Nvidia crushed expectations with a bumper quarterly earnings report on Wednesday, reporting a 265% increase in revenue from the same period a year ago, sending shares up over 9% in extended trading. CEO Jensen Huang said Nvidia now has to “allocate [chips] fairly” as customers flock to its processors, key to the AI boom. “Accelerated computing and generative AI have hit the tipping point,” Huang said.

But amidst the blowout quarter, Nvidia also acknowledged how tensions between the U.S. and China, particularly over semiconductors, is affecting its business. China now represents “mid-single digit percentage” of Nvidia’s data center revenue, chief financial officer Collette Kress said on Wednesday.

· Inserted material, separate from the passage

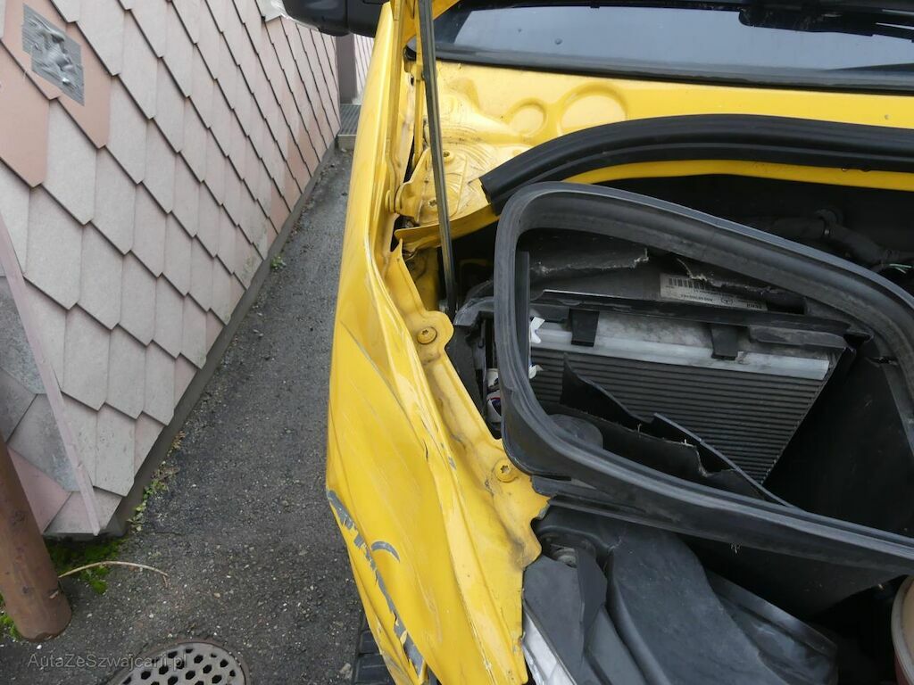 Motorhaube, Kotflügel links und rechts, Frontmaske, Scheinwerfer, Stossstange, Radhausblech rechts, Holmen oben links und rechts, Luftansaugkasten, Verkleidungen und Abdeckungen.

She suggested that China would make up a similar percentage of revenue for the current quarter as well. (Data center revenue aligns with Nvidia’s AI chip business)

It’s a significant drop: Nvidia has previously noted that China made up as much as a quarter of the company’s data center revenue.

The U.S. first announced controls on the sales of advanced semiconductors to China in October 2022. Companies like Nvidia then developed chips that complied with the restrictions yet still offered the same advanced capabilities. The Biden administration updated its restrictions last October to close that loophole.

On Thursday, Kress admitted that the U.S. government has not granted a license to Nvidia to ship restricted products to China. Nvidia has started shipping alternative products to China that don’t require a license, she continued.

Huang said Nvidia has “immediately paused” and “reset” its product offerings in China, which he blamed for the drop in data center revenue from China. The company would do its best to succeed in the Chinese market “within the specifications of U.S. restrictions”, he said.

Nvidia is again trying to develop chips for the Chinese market that comply with U.S. restrictions, but Chinese customers are reportedly turning to domestic alternatives instead. Chinese tech companies are less interested in buying Nvidia’s downgraded products, which are now closer in performance to cheaper Chinese options, the Wall Street Journal reports. Chinese chipmakers are pitching their own chips as a safer option due to the possibility of new controls from the U.S., Reuters reported in December.